My mom has always been supportive of me. Since I could remember my mother paid for music, art lessons, made all my costumes for shows and allowed me to have a bunch of my friends over playing super loud drums until really late at night. I think all parents want their kids to be financially stable. It’s ok to have that concern—art is mainly a hustle. One must be really talented, really lucky or both to be able to make any real money in this, but it is not impossible. One should always do what feels right.
As immigrants, we just have to fight harder.
Where does your confidence come from?
It comes from knowing who I am, where I am from and where I am going.
Once I realized that the Canadian Landscape was a construct, the truth started unfolding.
I stopped resenting living here, and started participating instead, I got to know like-minded people and started to play shows, as well as organized exhibitions. All those experiences have allowed me to remain strong and generous with my gifts. Confidence comes with experience and self love.
You seem to collaborate with first nations artists often—beyond mutual appreciation, do you feel there’s a shared cultural experience as well?

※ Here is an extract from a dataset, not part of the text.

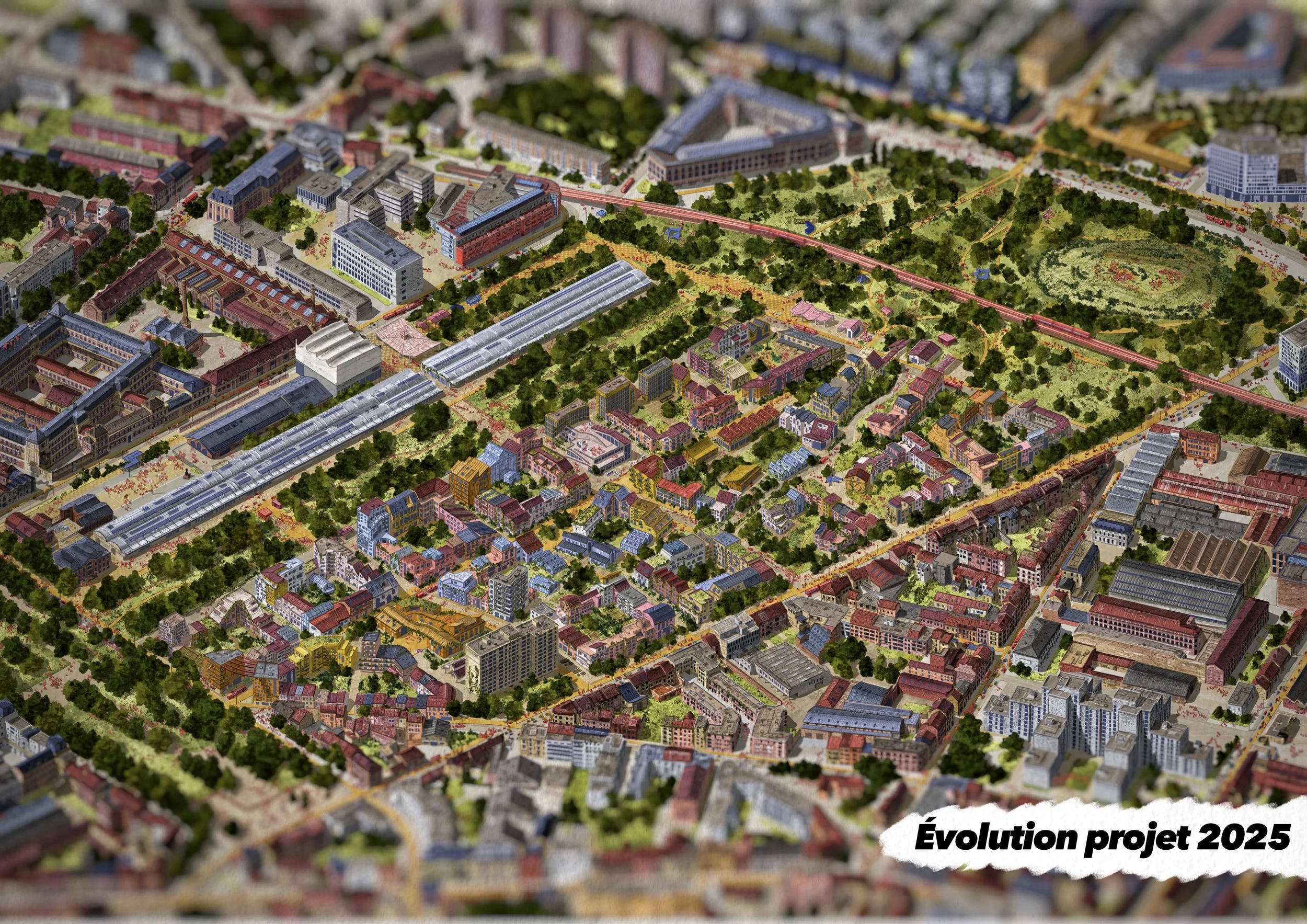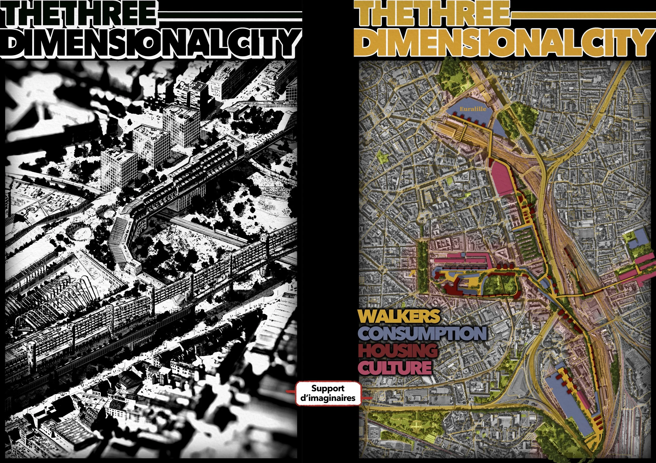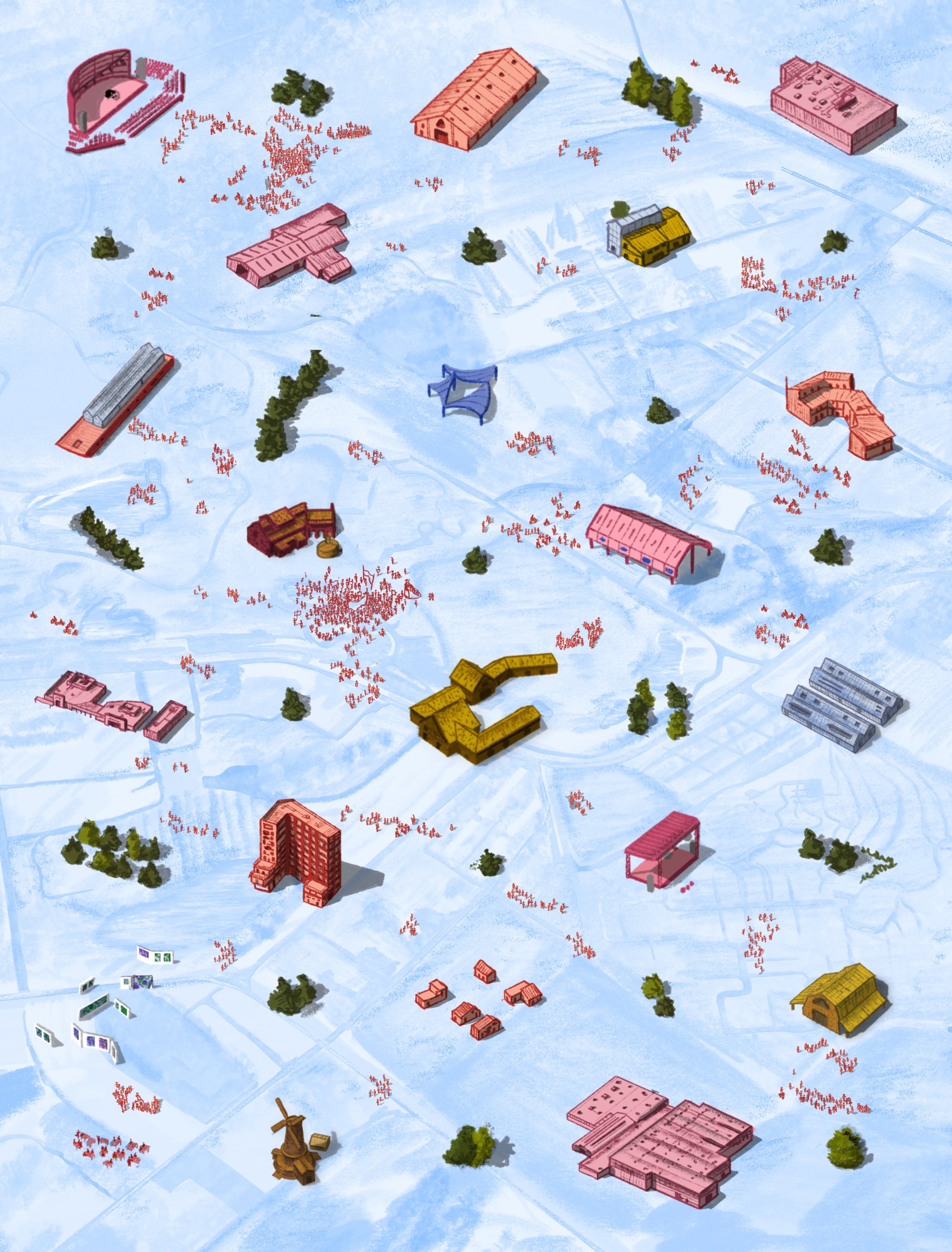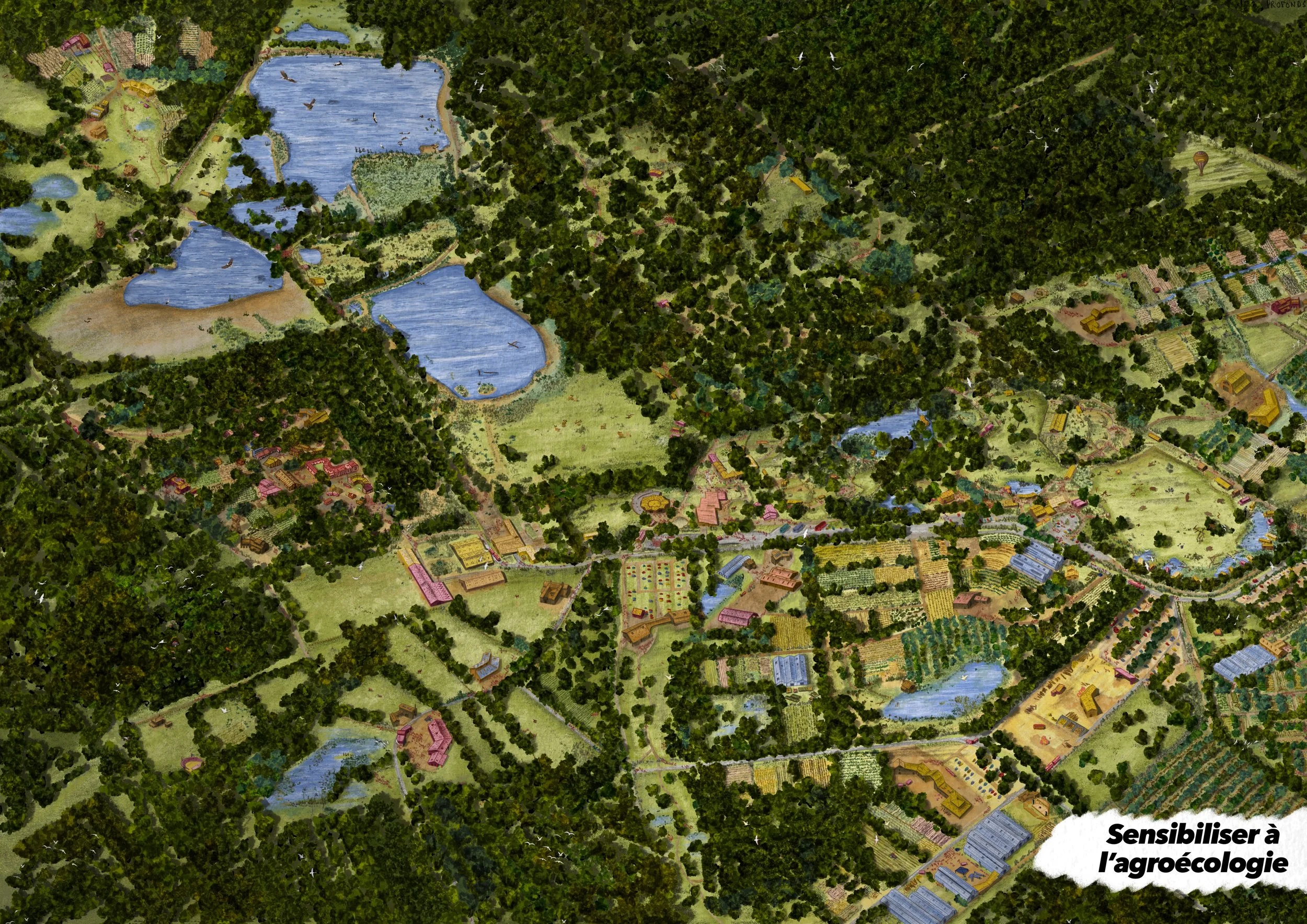 Il s’agit d’une vue axonométrique très détaillée, pouvant couvrir jusqu’à l’ensemble d’une commune. Elle sert de base illustrée pour explorer une multitude de scénarios urbains — qu’ils soient utopiques, dystopiques, réels ou imaginaires. Le dessin devient alors un outil puissant et évolutif, porté par une expression graphique unique, exploitable pour tout un tas d’acteurs…

Absolutely. All colonized peoples share the same narrative of displacement, of assimilation and the pain of losing a language, losing tradition or having to fight to keep it.
When we collaborate, we are able to write a new history that is based on love, respect and freedom.
You’re a visual artist too. Are your drawings or textiles an extension of the music or separate?
Indeed! Sometimes feelings can’t be put into words, they get put into images way easier. The same happens with music; some feelings are better expressed that way. I am not a music professional but I understand sound, harmony…Music notes are like colours, so a song can be like a painting. They are the same to me, so whenever possible, I like to deliver them together.
Did having a child change your approach to art?
No. Being a mother is a personal experience. Motherhood can be an inspiring factor, but motherhood does not define me. It is a sensitive question for me because as a young mother, there is a lot of stigma that comes with motherhood when young. Having a child just makes one more organized and on top of things.
How do you balance the daily responsibilities of being a mom and making time for art?
What values do you hope to pass on to your son?
To always be true to himself, to be passionate and compassionate. To feel empathy for others and to always search for the truth.
To be responsible and respectful and to love himself deeply.